2026-07-13 –, Viz
With everything from microscopes to telescopes to satellites, scientists produce image data in countless formats, shapes, sizes, and dimensions. Python provides a rich ecosystem of libraries to make sense of them. napari is a Python library for multidimensional image visualization, but it does double duty as a standalone application that can be easily extended with GUI tools for analysis, visualization, and annotation. In this tutorial, we'll start with the basics of image visualization and analysis in napari, then show how to extend the napari user interface to make analysis workflows as easy as pushing a button, and finally show how to share these extensions as plugins, which can be easily installed by users and collaborators. If you work with images (particularly multidimensional images), and especially if you work with scientists who may not be comfortable with Python, this tutorial might be for you!

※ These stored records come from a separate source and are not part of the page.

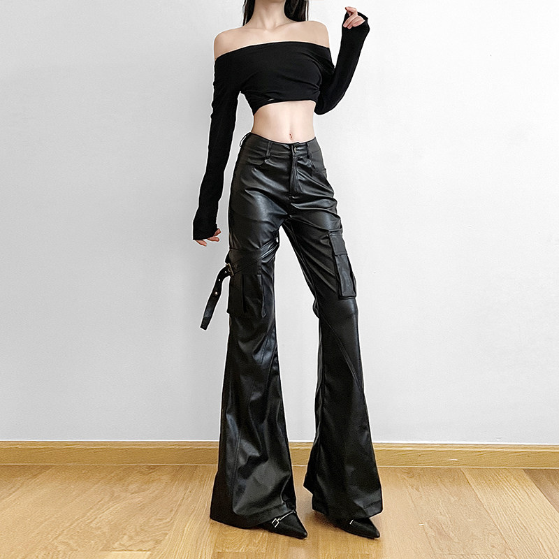 Металлическая приталенная портупея на ногу, полиуретановый мегафон, штаны, европейский стиль, высокая талия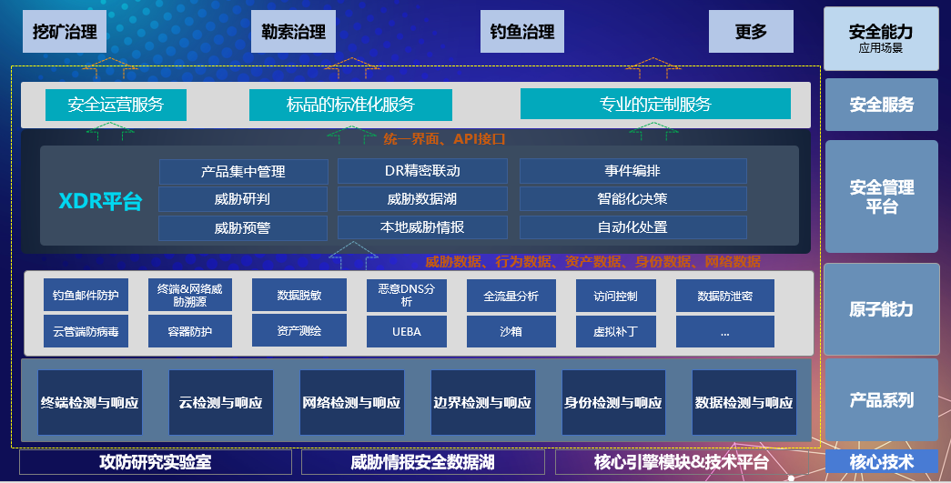 能力造就不凡,今日的XDR市场如火如荼。作为国内率先推广并积极实践XDR的网络安全厂商,亚信安全的XDR解决方案提供了工具化、场景化、服务化和平台化的能力,通过终端、云端、网络、边界、身份、数据的检测与响应,威胁数据、行为数据、资产数据、身份数据、网络数据的原子能力输入给XDR平台,最终形成针对挖矿病毒、勒索软件、钓鱼邮件等全场景的威胁治理覆盖。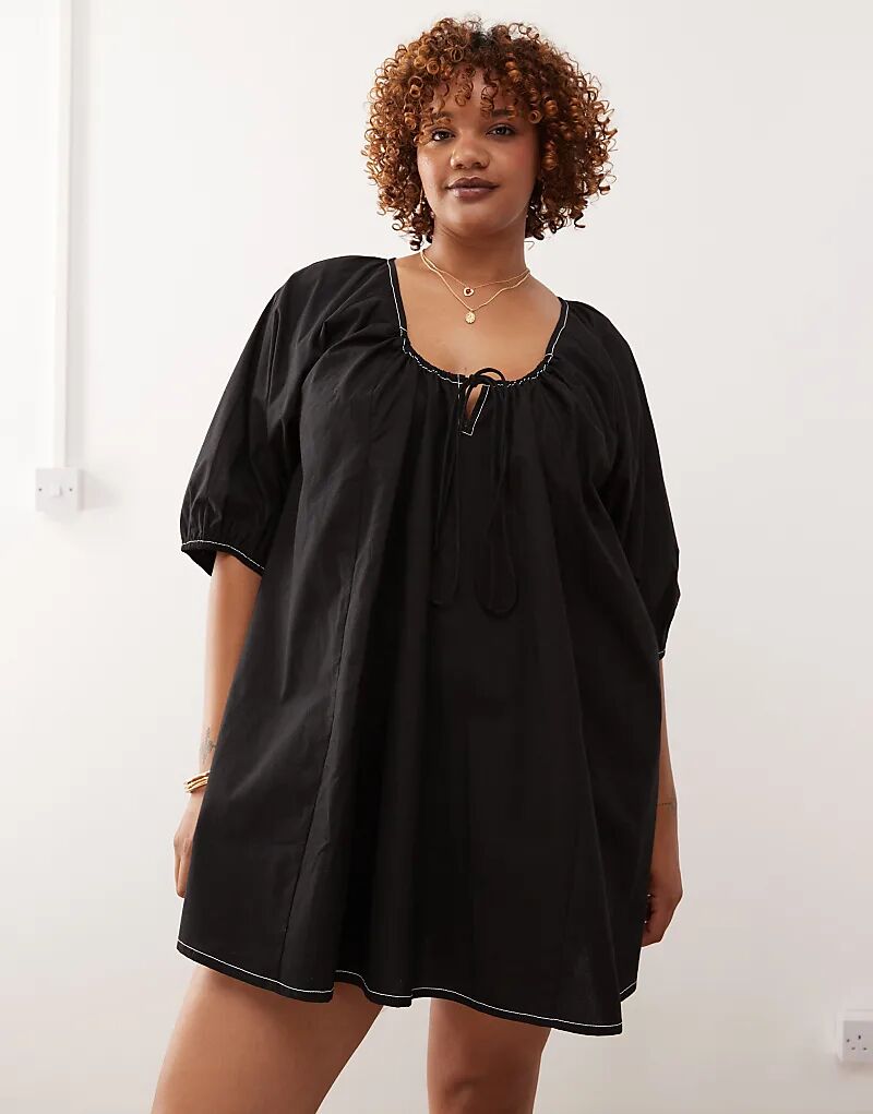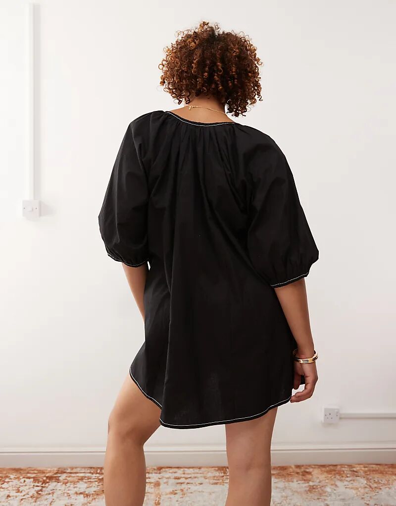 Платье-рубашка мини с рукавами-фонариками COLLUSION Plus черного цвета

Installation Instructions: https://napari.org/workshops/extend/setup/
Just like we take more pictures of food than we will ever look at, scientists are using powerful microscopes, telescopes, satellites, MRI machines and myriad other sensors to produce more images than they can ever look at. These images come in different file formats, they might be 3D, contain a time-lapse component, many different channels, or other features that increase the complexity of loading them for visualization. Even when specialized viewers provide ways to load these images and look at them, analyzing, interacting with, and visualizing the results of these analyses can still be a challenge.
This tutorial is aimed at folks who have some experience in scientific computing with Python. To get the most out of it, you should be familiar with NumPy arrays, Jupyter notebooks, and Python scripts. Ideally, you should have some idea of how images can be represented as arrays of numbers, and the types of analyses that might be performed on these arrays e.g. filtering and segmentation. You don’t necessarily need to be familiar with how these tools and methods work - it’s enough to know that they are out there!
The tutorial will be split into three main parts, each around an hour to 75 minutes long. Each part will cover a different aspect of how napari can be used to simplify your analysis workflows, and the workflows of your colleagues and coworkers.
Part 1: Using Python and napari to view and analyze imaging data
In this section we will look at opening and viewing 2D, 3D and even 4D images in napari. We will see how different layer types can help you display your analysis results, how Jupyter notebooks can streamline your image processing, and how napari’s plugins can help you access different analyses through the napari viewer.
Part 2: Customizing your analysis workflow by extending napari’s functionality
We will teach you how to customize your analysis workflow by adding new keybindings and mouse bindings to napari, and adding event handlers that can listen for different layer and viewer events. Finally, we will show you how easy it can be to add your own GUI widgets with minimal code.
Part 3: Distributing your customized functionality with plugins
Once you’re happy with your customized analysis tools, you may want to distribute them to other colleagues and coworkers, or to napari users at large! This section will cover how to package your custom bits of code into pip-installable napari plugins.
- Some experience with scientific computing in Python
- Familiarity with executing Jupyter notebooks and Python scrips
- Familiarity with NumPy arrays
I am a full-time maintainer and community manager of napari, an interactive multi-dimensional Python image and data viewer, and its plugin ecosystem. I work to extend the plugin ecosystem and help scientists achieve their goals with image analysis.
I am one of the less-active napari core devs, with most of my contributions these days coming through vispy or on the web infrastructure (npe2api and napari hub). I first started working on napari as part of the CZI Imaging Tech team, but I now participate primarily in my spare time.
I got into Python and open source while studying Medical Physics at UW-Madison. After a few years in academia at Barrow Neurological Institute (Phoenix, AZ), I made the switch to industry. I first worked as an on-site clinical MRI scientist for Philips (Mayo Clinic, Rochester, MN), then joined a low-field MRI startup called Hyperfine (Guilford, CT). I'm now a remote worker for Biohub and still reside in Guilford, CT; but I'm in the middle of a move to Dobbs Ferry, NY.